This lesson is in the early stages of development (Alpha version)

Navigating and Editing Files

Overview

Teaching: 4h min
Exercises: 30m min
Questions
  • How can I move around on the computer/vm?

  • How can I see what files and directories I have?

  • How can I specify the location of a file or directory on the computer/vm?

  • How can I specify the location of a file or directory in a bucket?

Objectives
  • Translate an absolute path into a relative path and vice versa.

  • Construct absolute and relative paths that identify specific files and directories.

  • Use options and arguments to change the behaviour of a shell command.

  • Demonstrate the use of tab completion and explain its advantages.

The Filesystem

The part of the operating system responsible for managing files and directories is called the file system. It organizes our data into files, which hold information, and directories (also called ‘folders’), which hold files or other directories.
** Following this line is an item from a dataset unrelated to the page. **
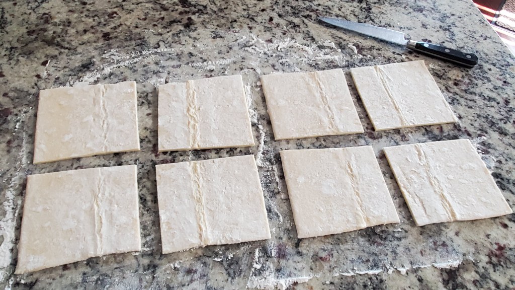 Once defrosted, cut the pastry into an even number of squares.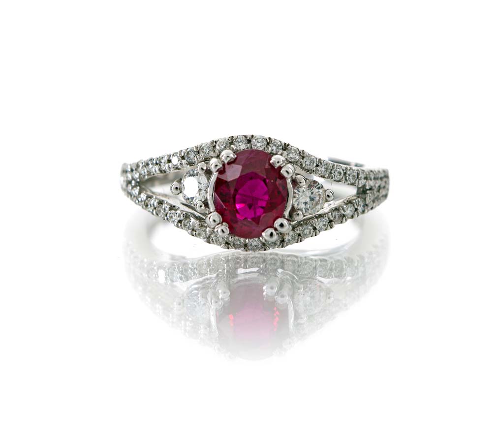 Anello in oro, rubino e brillanti Oro bianco 750/000. Rubino in taglio ovale ct. 1,10. Peso complessivo gr. 5,10 Misura 13

Several commands are frequently used to create, inspect, rename, and delete files and directories. To start exploring them, we’ll go to our open shell window.
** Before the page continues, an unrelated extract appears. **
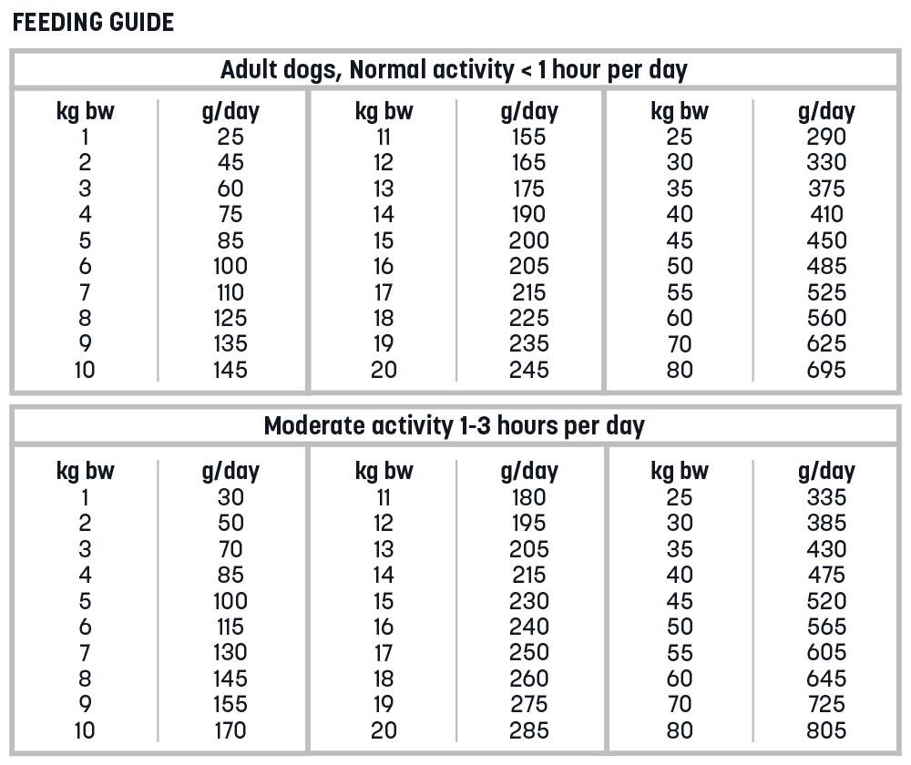 The feeding guide is an indication only, as the nutritional requirement of individual dogs varies according to breed, sex, activity level etc.

First, let’s find out where we are by running a command called pwd (which stands for ‘print working directory’). Directories are like places — at any time while we are using the shell, we are in exactly one place called our current working directory. Commands mostly read and write files in the current working directory, i.e. ‘here’, so knowing where you are before running a command is important. pwd shows you where you are:

$ pwd

Here, the response may be different on different computers. Often a session begins in the users home directory.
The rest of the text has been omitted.